Take the lines from the beginning of the material through the line containing "Выполнение тестового задания." and retype them exactly, leaving the pictures out.

Start of Source material

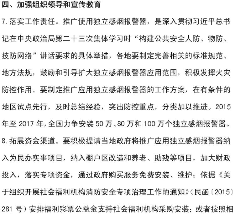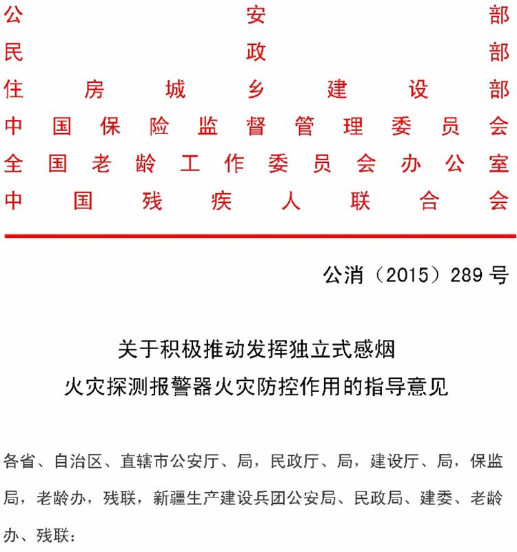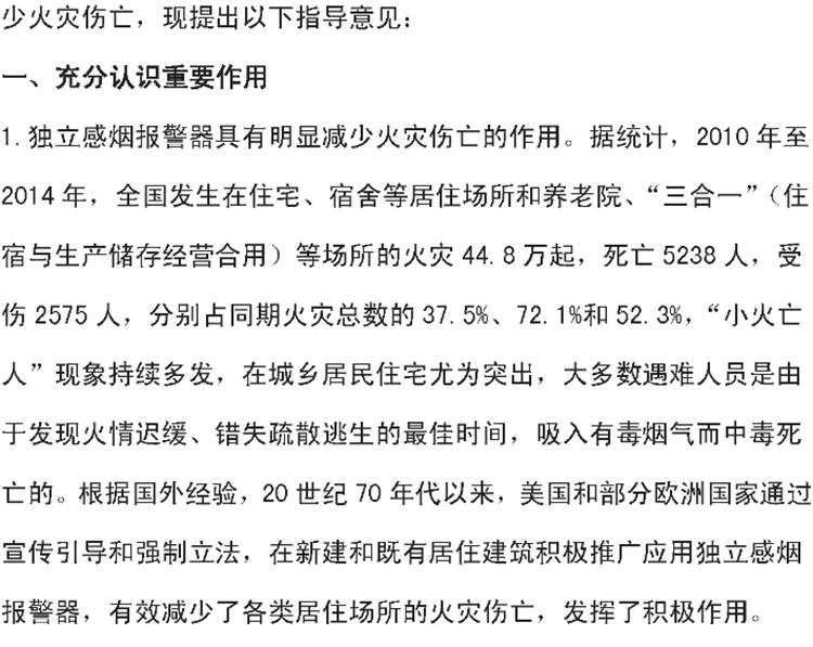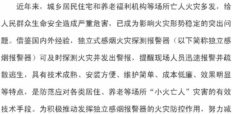 【獨(dú)立式煙感】火災(zāi)探測報(bào)警器六部委支持文件
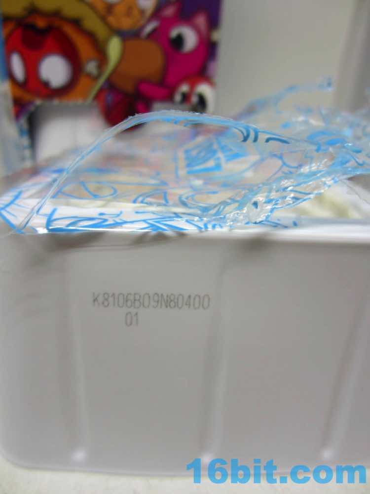 According to the booklet, the big cartons have 24 possible figures - a case of 4 tall cartons could have all 20 in it, but I don't know that yet. The milk carton opens and you slide out a tray with Play-Doh and a figure in it. Each tray has 1 or 2 figures in blind bags, 1 or 2 accessories, and 1 or 2 stickers in wrappers. So the figure is an opaque bag, under a wad of Play-Doh in a tray, in a sealed lid, inside a cardboard box. That's some security.
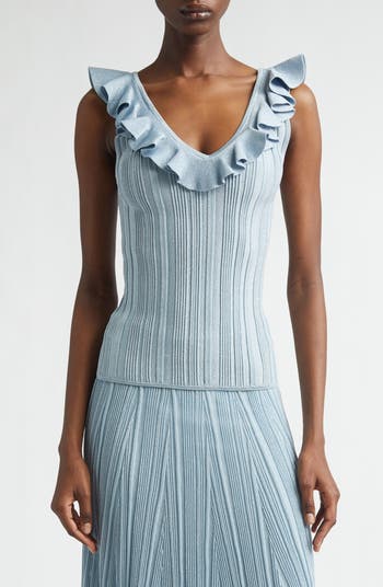 The metallic threads woven throughout the dimensional ribbing evoke a sun-soaked escape in this fitted sweater-tank framed with a frilled V-neck for playful flounce.
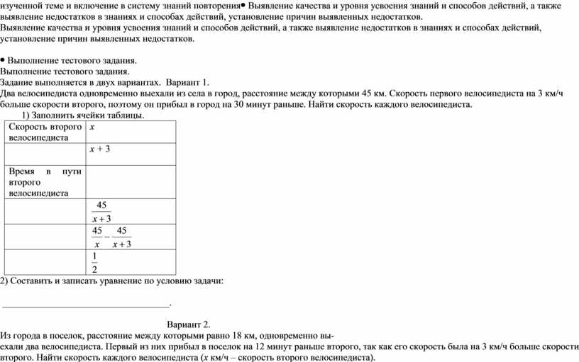 Выполнение тестового задания. Задание выполняется в двух вариантах. Вариант 1. Два велосипедиста одновременно выехали из села в город, расстояние между которыми 45 км. Скорость первого велосипедиста на 3 км/ч больше скорости второго, поэтому он прибыл в город на 30 минут раньше. Найти скорость каждого велосипедиста. 1) Заполнить ячейки таблицы.
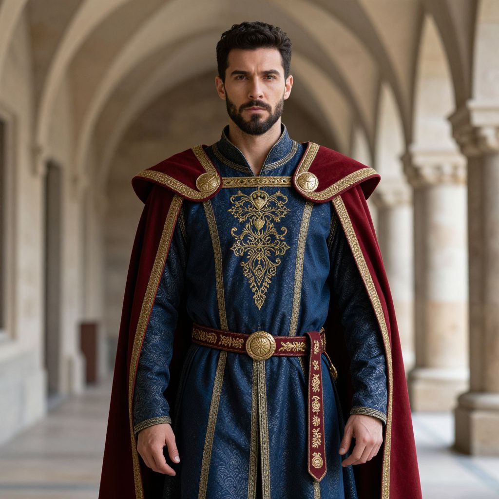 Photograph of a handsome, dark-haired man with a trimmed beard standing in a stone hallway. He wears an elaborate, medieval-style outfit featuring a deep blue tunic with gold embroidery, a red cape with gold trim, and a matching belt. His confident stance and serious expression add to his regal appearance. The background includes arches and columns, adding an ancient, castle-like vibe.
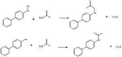 Cytochrome P450 1A2 oxidizes 4-aminobiphenyl to N-hydroxy-4-aminobiphenyl. Following O-acetylation, the latter can form DNA adducts. O-Acetylation reactions are catalyzed by NAT, N-acetyltransferase; and UDP-glucuronosyltransferase (UGT) enzymes.[12] Two different enzymes can catalyze this reaction, NAT1 and NAT2. These enzymes can also N-acetylate 4-aminobiphenyl. N-Acetylated products are difficult to oxidize and because of this acetylation is considered a detoxification step for aromatic amines.
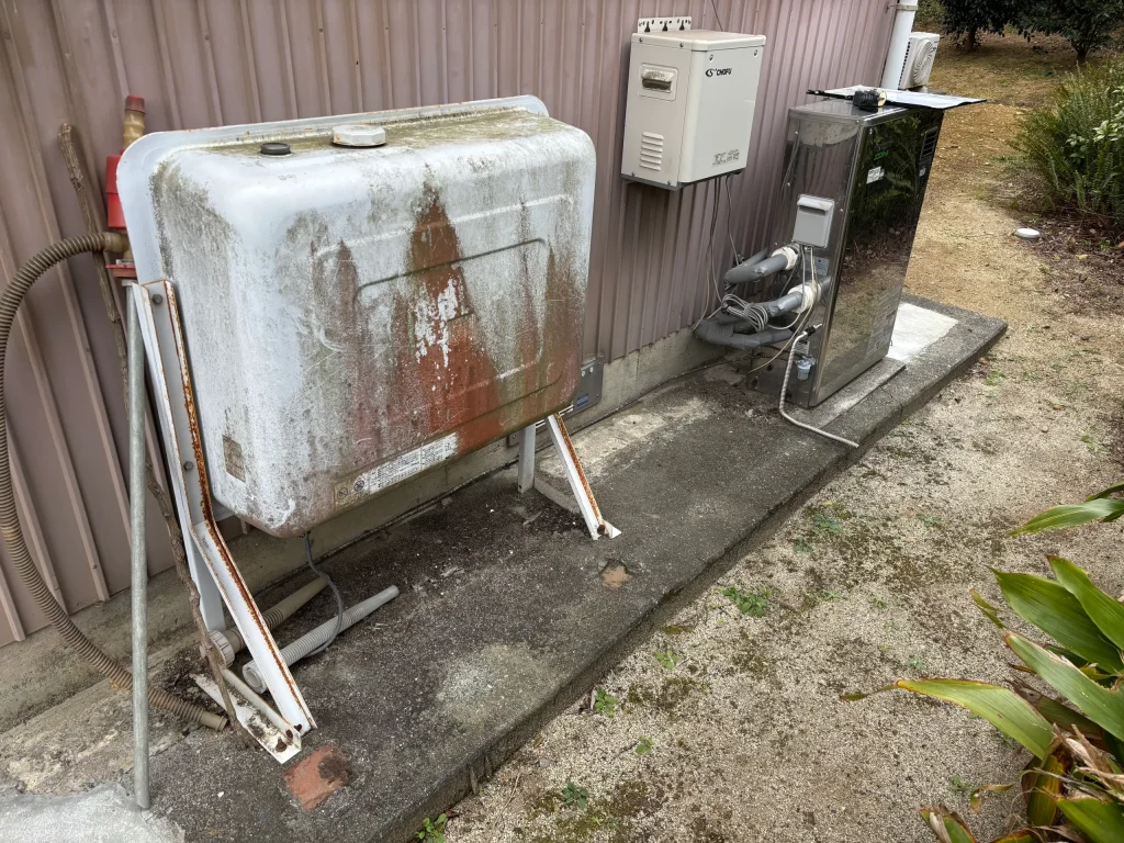 浜松市中央区で、灯油ボイラーからリンナイ製ガス給湯器 RUF-UE2405AG へ交換して事例です。
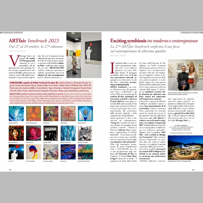 L’opera Astratto Merisi è in mostra all’ARTfair di Innsbruck con la galleria Biancoscuro di Pavia dal 27 al 29 ottobre 2023.
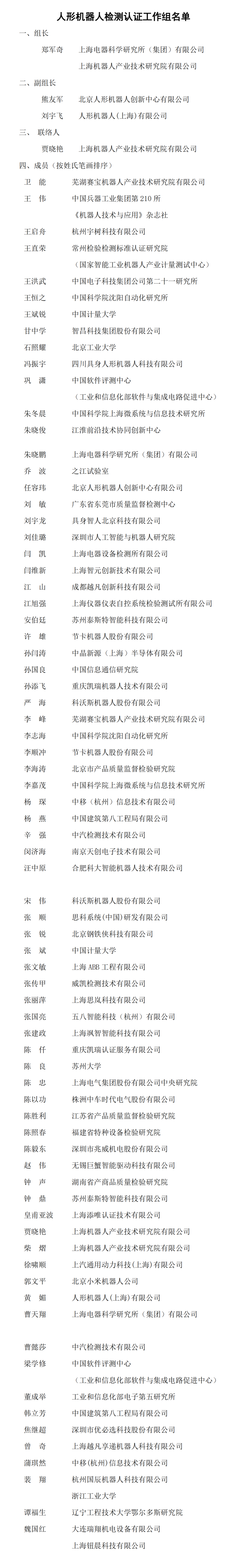 工作组目前有77位专家,来自64个单位,国家机器人检测与评定中心(总部)主任、星空官网(中国)机器人有限公司官网院长郑军奇任工作组组长,北京人形机器人创新中心有限公司总经理熊友军和国家地方共建人形机器人创新中心技术总监刘宇飞任副组长。
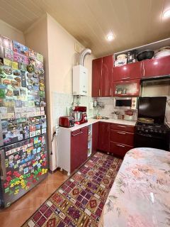 Три просторные комнаты площадью 17/13/12 кв.м. Имеется застекленный обшитый балкон с выходом из спальни. Кухня площадью 6 кв.м. Санузел совмещенный, в кафеле.
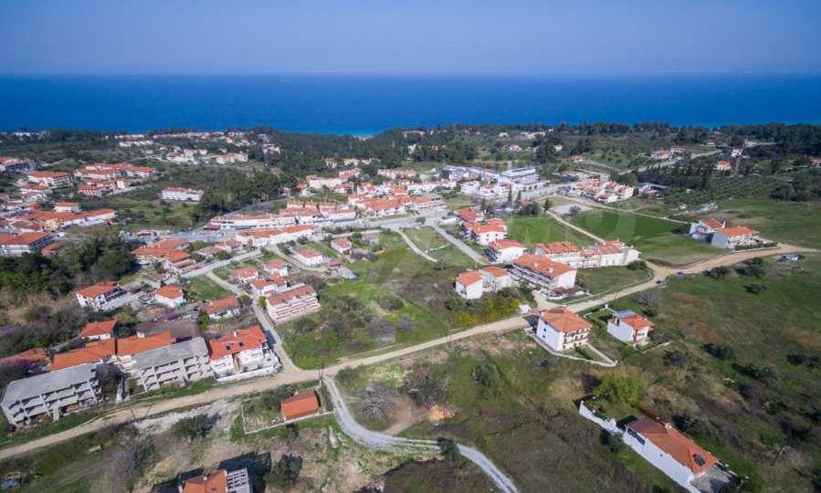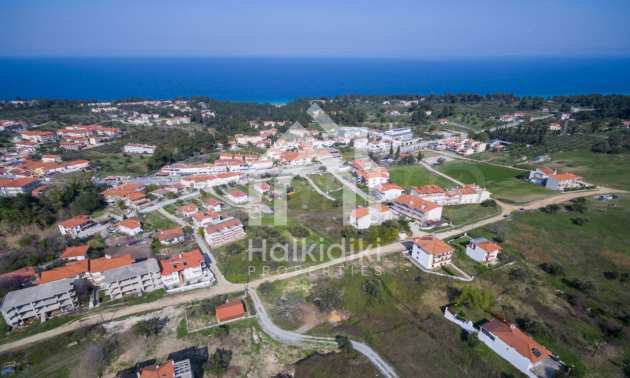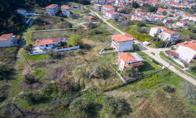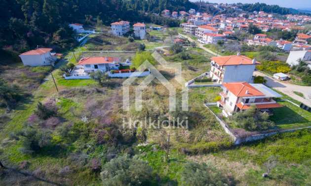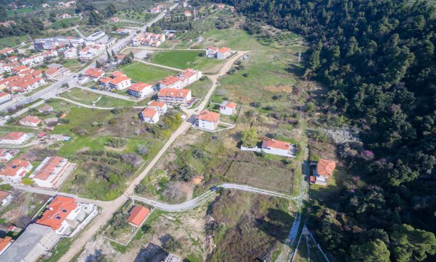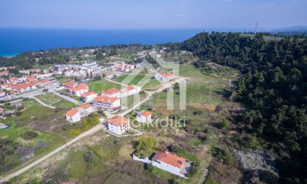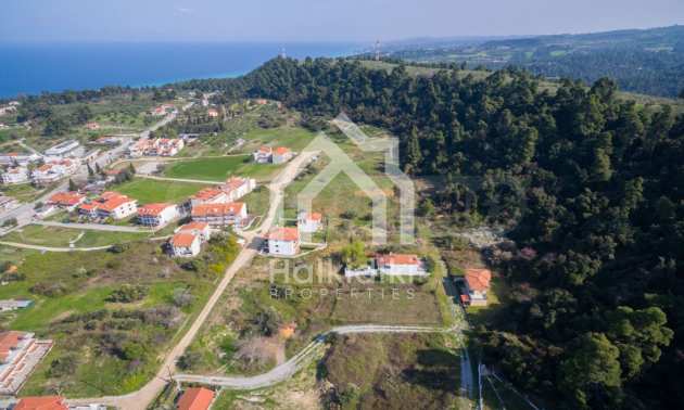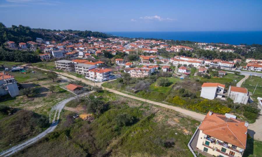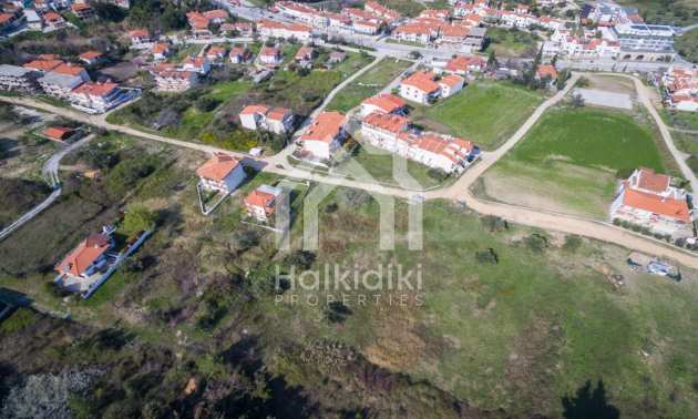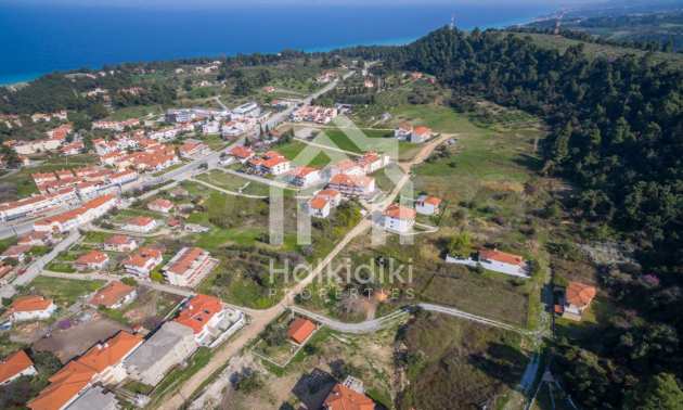 Наклонен парцел, 354 кв.м, в Касандра, Халкидики с безпрепятствен постоянен изглед и с източна ориентация. Имотът е на 600 м. от центъра на селото. Ограденият парцел е завършен, застроим и коефициентът му на застрояване е 0,6 (може да се построи 212 кв.м).
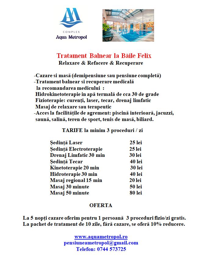 • acces piscină interioară apă cca. 30º , jacuzzi, salină
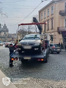 Два автомобілі, які створили перешкоду для руху транспорту на перехресті площі Галицької та вулиці Князя Романа, тимчасово затримані та евакуйовані на арештмайданчик
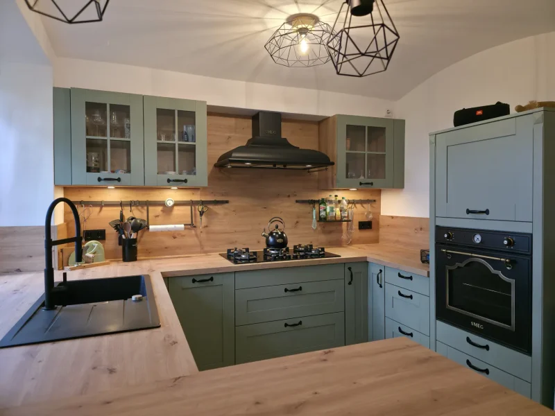 Schon beim ersten Betreten des Raumes war spürbar, dass hier alles zusammenfinden sollte: Tradition und Moderne, warme Materialien und klare Formen. Die Kundin wünschte sich eine Küche, die sich harmonisch in den offenen Wohnraum einfügt
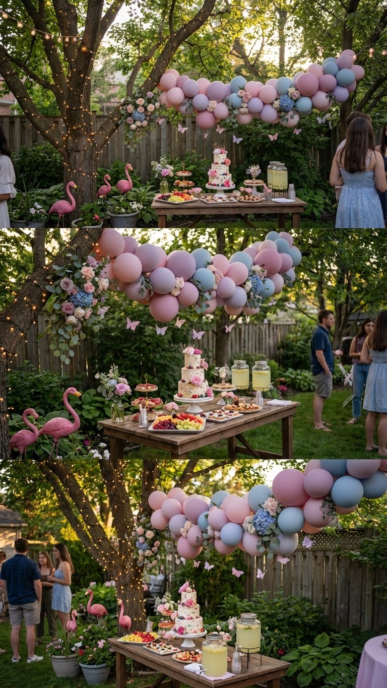 Create whimsical butterfly party decorations with pastel garlands and wing props to enhance the magical garden ambiance.
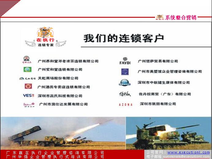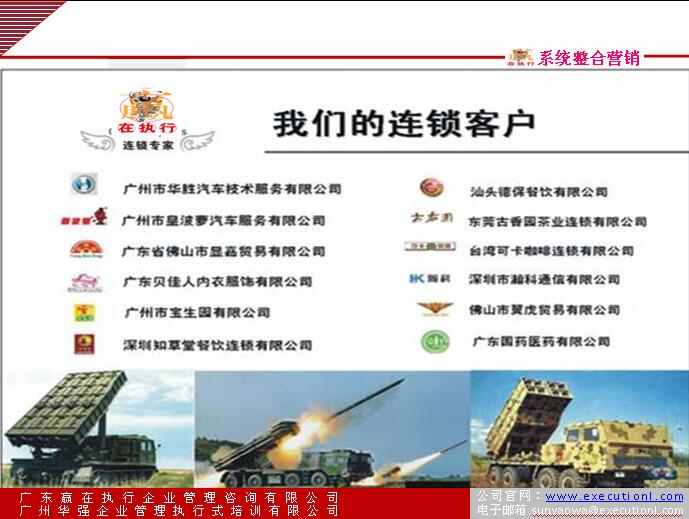 4、打造企业个性化的盈利管理模式――――“赢在执行”项目实施后不能为客户带来效益,承诺将全额退款。
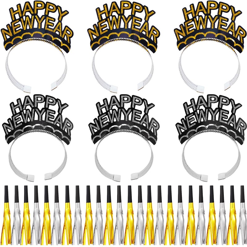 - Festive Party Essentials: This 30-piece set includes 6 Happy New Year headbands and 24 metallic fringed noise makers in gold and silver colors.
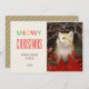 Cartão De Festividades Feliz Natal, Gatinho Gelado, Foto Vermelho e Verde
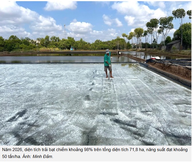 Đáng chú ý, diện tích sản xuất theo phương pháp trải bạt tăng nhanh, mang lại hiệu quả kinh tế cao hơn so với phương thức truyền thống, rút ngắn thời gian kết tinh và giảm công lao động. Năm 2026, diện tích trải bạt chiếm khoảng 98% trên tổng diện tích 71,8 ha, năng suất đạt khoảng 50 tấn/ha.
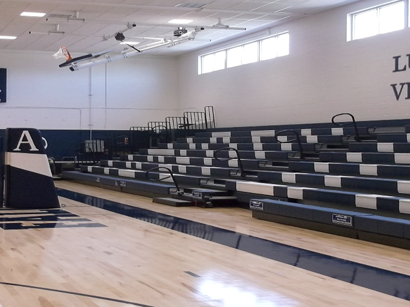 The gymnasium renovation included complete removal and replacement of the court’s maple floor, new basketball and volleyball equipment acoustical ceiling, lighting, HVAC re-configuration and paint throughout.

End of Source material

Solved exercise
 【獨(dú)立式煙感】火災(zāi)探測報(bào)警器六部委支持文件
 According to the booklet, the big cartons have 24 possible figures - a case of 4 tall cartons could have all 20 in it, but I don't know that yet. The milk carton opens and you slide out a tray with Play-Doh and a figure in it. Each tray has 1 or 2 figures in blind bags, 1 or 2 accessories, and 1 or 2 stickers in wrappers. So the figure is an opaque bag, under a wad of Play-Doh in a tray, in a sealed lid, inside a cardboard box. That's some security.
 The metallic threads woven throughout the dimensional ribbing evoke a sun-soaked escape in this fitted sweater-tank framed with a frilled V-neck for playful flounce.
 Выполнение тестового задания. Задание выполняется в двух вариантах. Вариант 1. Два велосипедиста одновременно выехали из села в город, расстояние между которыми 45 км. Скорость первого велосипедиста на 3 км/ч больше скорости второго, поэтому он прибыл в город на 30 минут раньше. Найти скорость каждого велосипедиста. 1) Заполнить ячейки таблицы.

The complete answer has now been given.